Example of Sockeye Salmon
Sockeye salmon are among the many anadromous fish species. Individuals return to the rivers where they were born to breed. These migrations occur at the same time every year, however Quinn et al. 2007 reveal that sockeye salmon found in the seas of Alaska's Bristol Bay have recently undergone directional selection on migratory timing. In this study, two sockeye salmon populations (Egegik and Ugashik) were observed.
Data from the Alaska Department of Fish and Game were separated into five groups of seven years and shown for average arrival to the fishery from 1969 to 2003. After analysing the data, it was discovered that the average migration date in both groups was earlier and that directional selection was taking place. The Egegik population was subjected to more intense selection and relocated four days. Water temperature is supposed to induce earlier migratory dates, however there was no statistically significant association in this study.

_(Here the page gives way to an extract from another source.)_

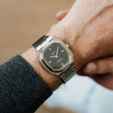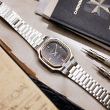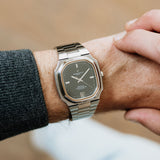 The 1970s was the decade of the luxury steel sports watch. Audemars Piguet led the charge in 1972 with the Royal Oak. Patek Philippe swiftly responded with the Nautilus in 1976, and Vacheron Constantin brought up the rear with the reference 222 in 1977. So you may be surprised to hear that the 222 wasn’t Vacheron’s first attempt at a new, integrated bracelet defined sports watch. In fact, in 1975 Vacheron’s first crack of the whip was the Chronomètre Royal 2215. This lesser-known model represents quite a departure from the typical pieces Vacheron was putting out prior to the 1970s, such was the ripple effect of the Royal Oak’s success, and of course, the impending doom known as the quartz crisis. Predominantly it was Swiss watchmakers who needed to become a little more creative and perhaps daring with their references to remain attractive to modern and evolving wrists as batteries took over. Vacheron reacted quickly to Audemars Piguet’s contribution with the 2215 sporting a rather contemporary, chunky aesthetic. One could argue that the 2215 of 1975 is actually a closer resemblance to the Nautilus of 1976 with its angular shouldered case body and alike bracelet design.

According to the article, fisheries may be a factor driving this selection since fishing happens more often during the later stages of migration (particularly in the Egegik area), preventing those fish from reproducing.
Directional selection is a modified variant of stabilizing selection, which seeks to eliminate alleles less suited to their surroundings and favor those alleles or people that are well suited to a specific environment. Examples include industrial melanism and pesticide resistance in insects. Industrial melanism is an example of natural selection that promotes protective coloring in moths.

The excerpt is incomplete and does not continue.